To serve, in a deep bowl ladle a big spoon of the porridge. With the back tip of the spoon drag it through the porridge to make a well for the oxtail. Place the oxtail in the well and ladle a spoonful of the smoky sauce over the oxtail to glaze it. Add chosen garnish and enjoy.
Grilled Whole Bass
To debone fish:
Turn fish so that bottom side is up. With kitchen scissors cut from the collar down to the tail on one side of spine and then again on the other side of the spine. This will free the ribs. Using a kitchen knife cut along both sides of spine up to the top of the fish. This will cut out all the internal bones. Then cut out the belly flap. Or just eat and avoid bones.
For the Bass:
1-2 pounds scaled and gutted striped bass (available at Whole Foods)
Corse salt and pepper
Extra virgin olive oil
1 pound Persian cucumbers cut into coins on a mandolin
2 Tbsp apple cider vinegar
½ Tbsp extra virgin olive oil
1 tsp salt
1 lime cut into very thin coins/rings (as thin as you can get it and still be intact)

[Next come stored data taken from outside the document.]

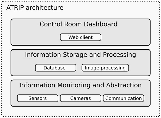 As previously mentioned, the ATRIP architecture is divided into three main components: (i) information monitoring and abstraction; (ii) information storage and processing; and (iii) control room dashboard, as seen in Figure 1.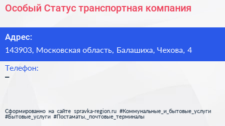 Особый Статус, транспортная компания по адресу 143903, Московская область, Балашиха, Чехова, 4 в дальнейшем Организация, размещена в следующих категориях: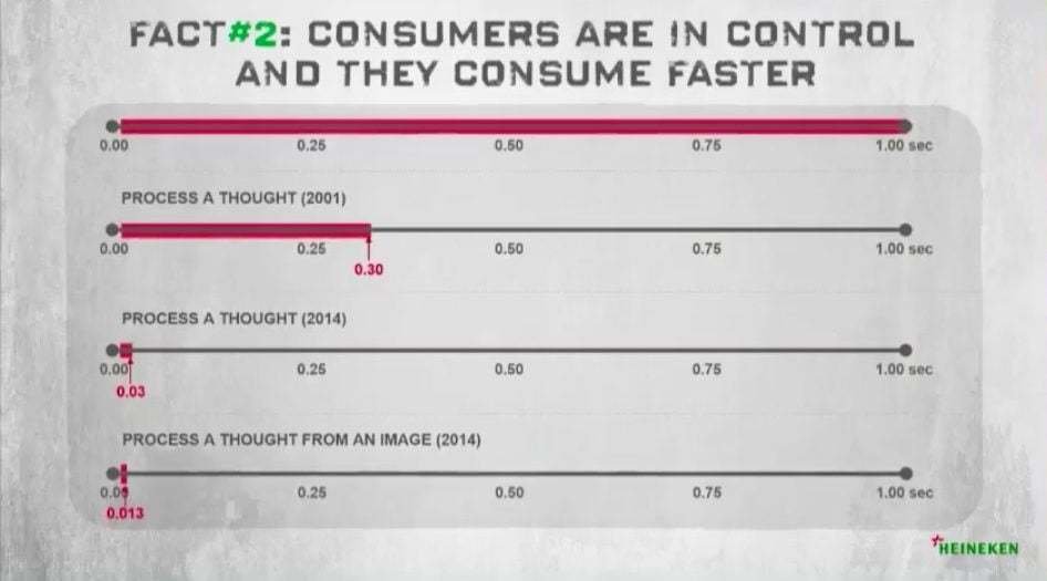 İnsanların günde sadece aşağı kaydırarak tükettikleri içeriklerin 100 metreye eş değer olduğunu söyleyen Ron Amram “bu da Empire State Binası ile aynı uzunlukta” dedi. Ayrıca içerik tüketmenin de süresinin değiştiğine değindi. İnsanlara ne kadar sürede düşünüp bir fikir bulabileceklerini sorsanız muhtemelen size 1 saniyede derler ama MIT’ye göre bu veriler yıllar içerisinde değişiyor, diye açıkladı. Şu anki içerik tüketme süremiz neredeyse verdiğimiz cevabın neredeyse 10 katı hızında.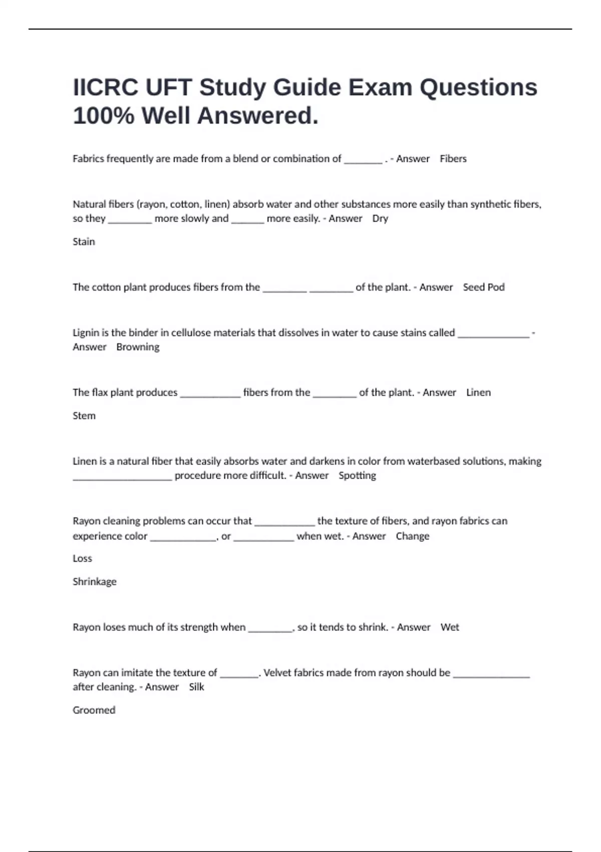 ,Alkaline residues and over wetting could result in _______________ in rayon fibers. - Answer Browning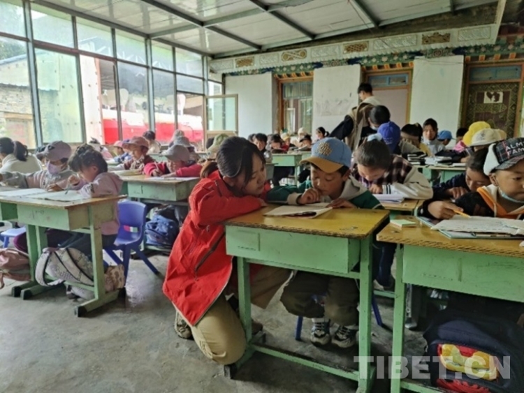 圖為人文科考隊員輔導孩子做作業(yè)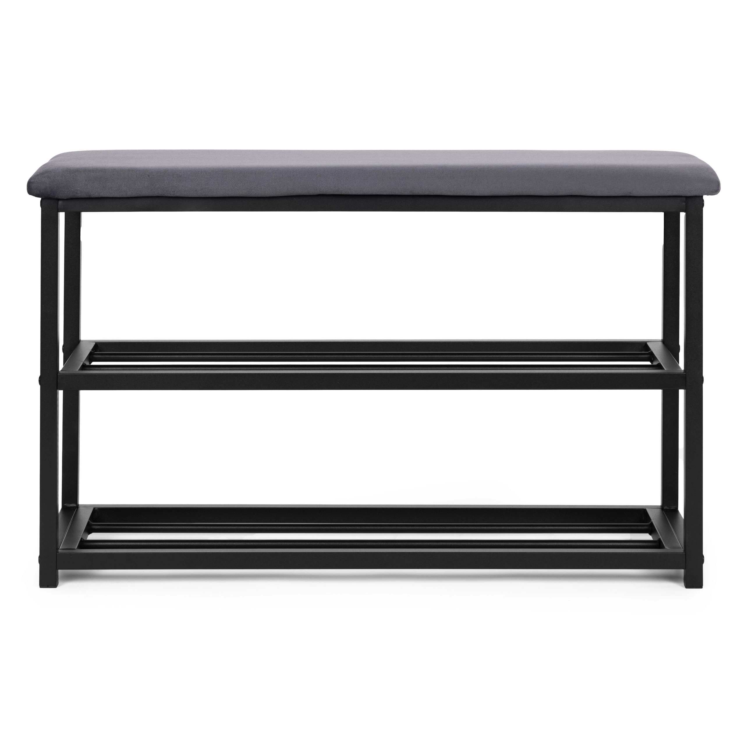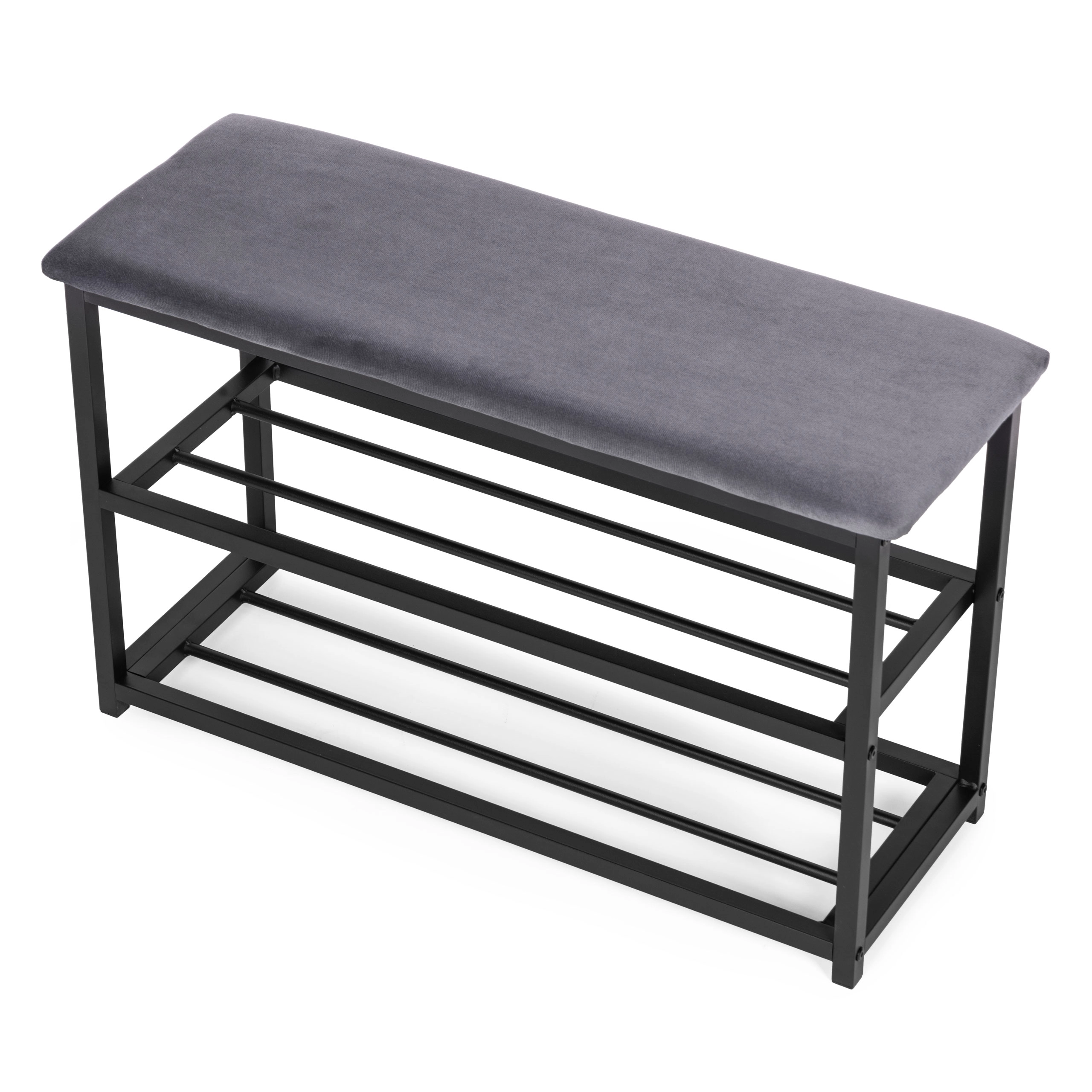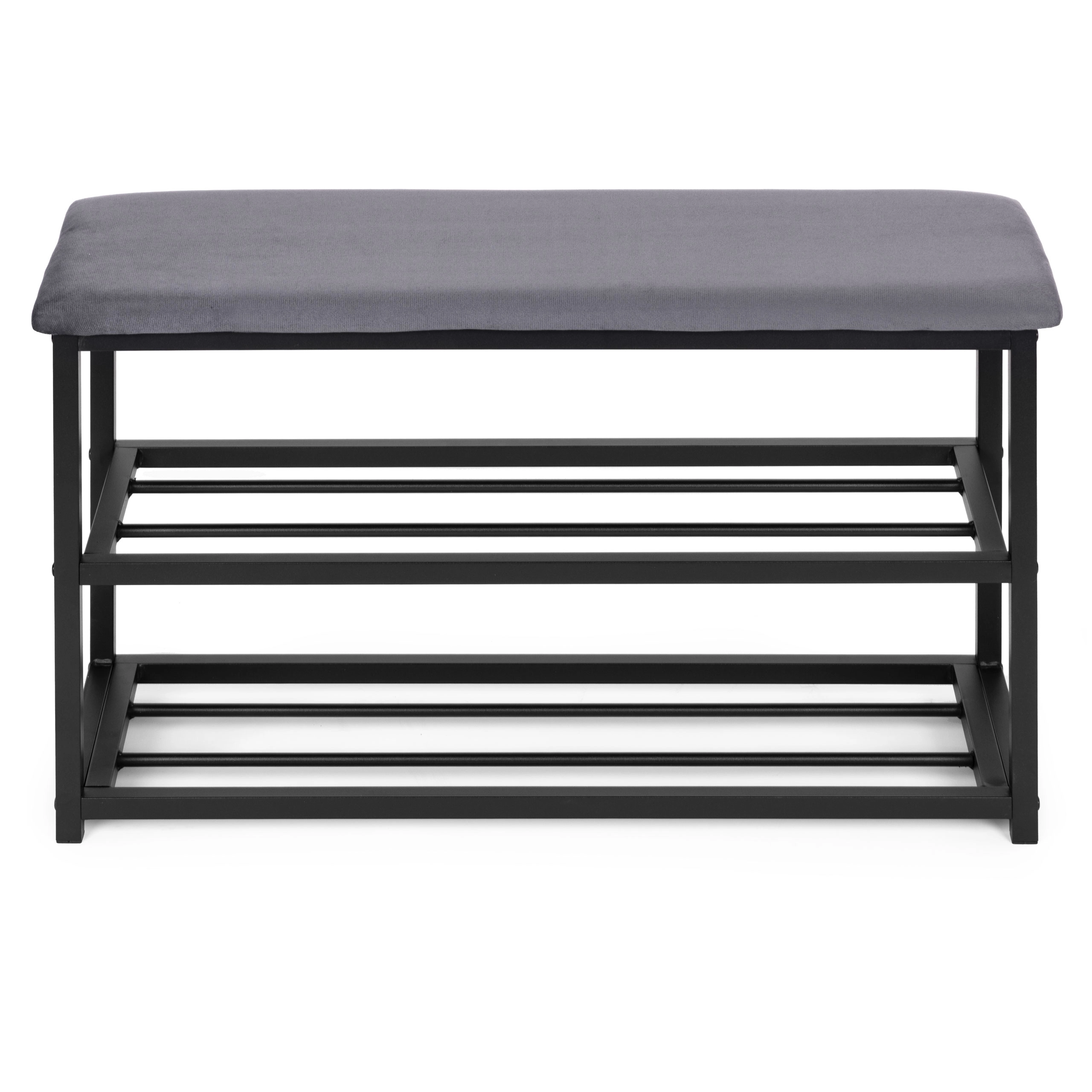 Štýlová lavica na topánky ModernHome kombinuje úložný priestor a pohodlné sedenie v jednom. Vďaka dvom policám pojme až 8 párov obuvi a jej mäkký zamatový sedák uľahčí obúvanie. Práškom lakovaný oceľový rám zaisťuje stabilitu a dlhú životnosť, zatiaľ čo otvorené police poskytujú prehľadnosť a vetranie obuvi. Ideálna do predsiene, šatne aj šatníkovej skrine.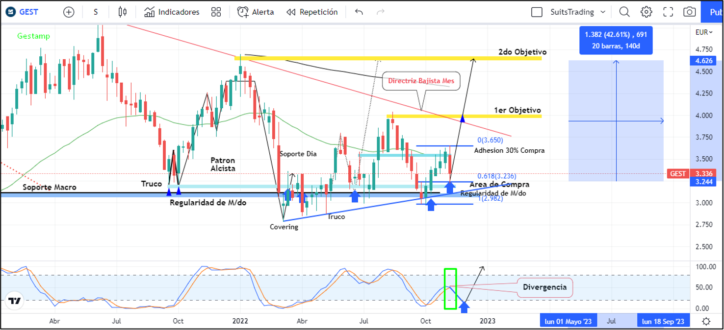 Este martes con la entrega de estos resultados, la acción abrió a la baja dando como primer impacto una pérdida del valor cercano al -11,2% generando un sentimiento desconcertante para muchos analistas e inversores que, esperarían un impacto al alza ante tales resultados financieros. La razón, es que las acciones de Gestamp desarrollaron una micro tendencia alcista desde el 30 de septiembre, la cual en algún momento debería buscar regularidad del mercado en el 61,8 de retroceso de Fibonacci, movimiento especulativo que hoy visitó al punto exacto y que, según inversionistas de la talla de Warren Buffett, conocidos como «contrarians», este tipo de movimientos deberían reflejar una oportunidad de compra de las acciones de Gestamp.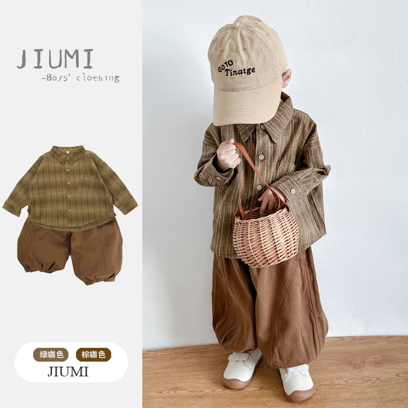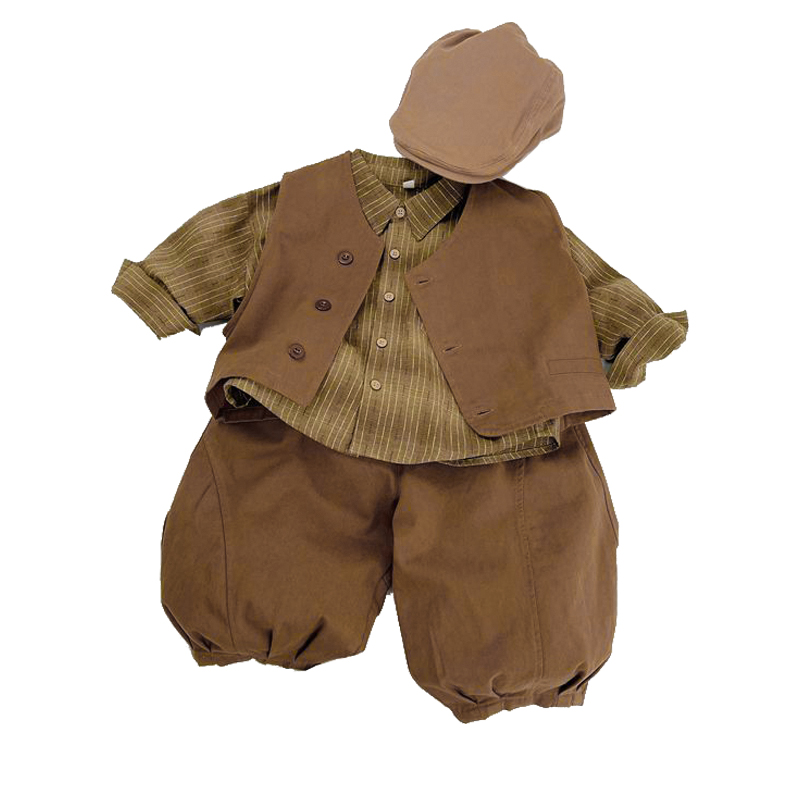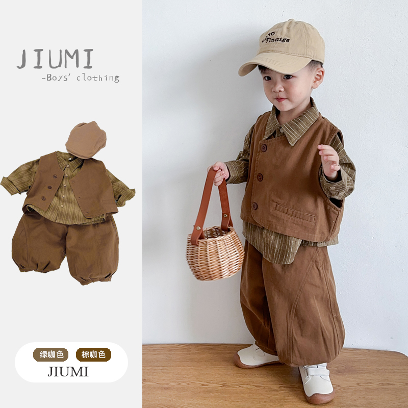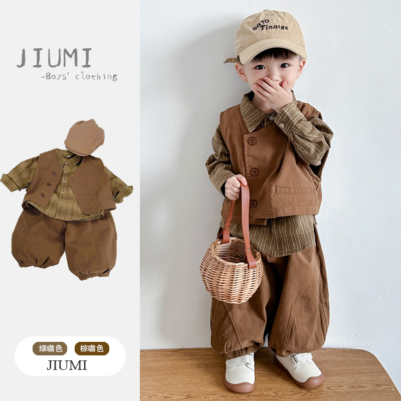男童秋装2025秋季新款儿童韩版条纹衬衫男宝宝复古马甲灯笼裤套装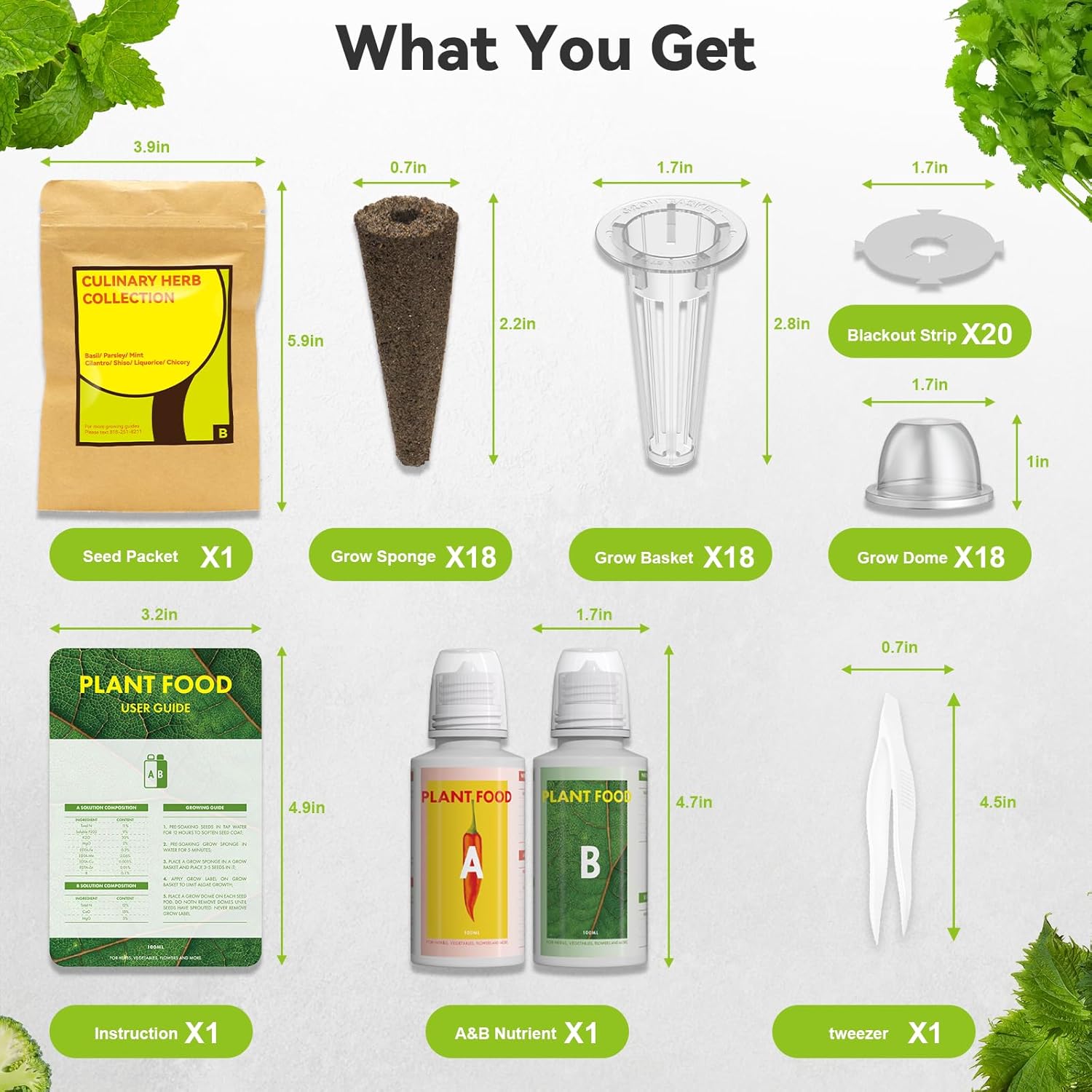- Variety of Seeds: This herb seed pod kit includes seven types of heirloom seeds—basil, parsley, shiso, liquorice, mint, cilantro, and chicory—along with 18 grow sponges, 18 grow domes, 18 grow baskets, 20 foil stickers, and A&B plant food. Perfectly designed for the Inbloom HydroGarden. With over 350 seeds, you can grow your favorites and enjoy endless indoor gardening fun!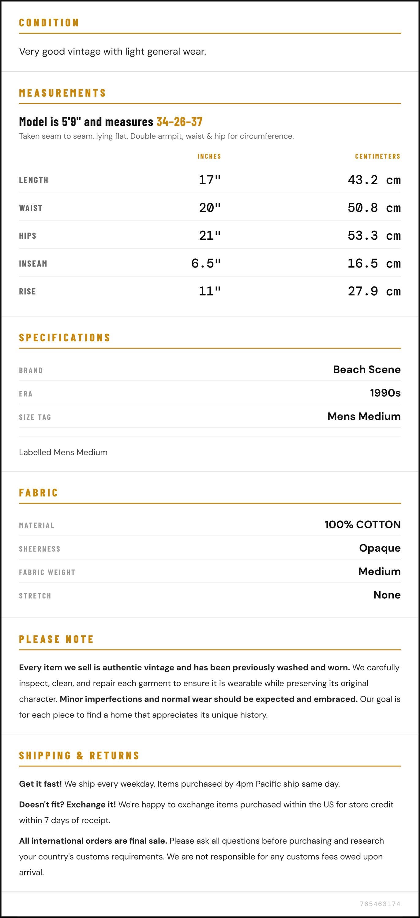 Inseam: 6.5" / 16.5 cm

Drizzle of extra virgin olive oil
Sprinkle with salt
Herb and Citrus Salad:
¼ cup picked cilantro sprigs
¼ cup parsley leaves
¼ cup chervil sprigs
¼ cup picked tarragon leaves
Ribbons from 2 lemons (blanched)
Ribbons from 2 oranges (blanched)
Ribbons from 2 limes (blanched)
1 tsp Maldon Sea Salt
1 tsp of extra virgin olive oil
1 cup Greek yogurt
1 tsp toasted coriander seed smashed in mortar and pestle or spices grinder
Turn grill on high. Season fish with salt, pepper and oil. After grill is hot start fish. This takes the longest amount of time and needs to be done first. Allow to cook for 4 minutes and then turn 45 degrees on grill to get nice crass marks and cook evenly. Allow to cook for 3 minutes and turn. Place on a less hot spot of the grill and return to kitchen for other prep. After 10 minutes just turn the grill off and get the fish when you are ready. Mix all quick pickle ingredients together and allow to sit until ready to use. Toast and crush the coriander seeds and mix with yogurt and set aside as well. Mix salad and place on the side. Place the fish on a large platter with the accompaniments around it. Flatbreads and tortillas are always a good vehicle to put everything on.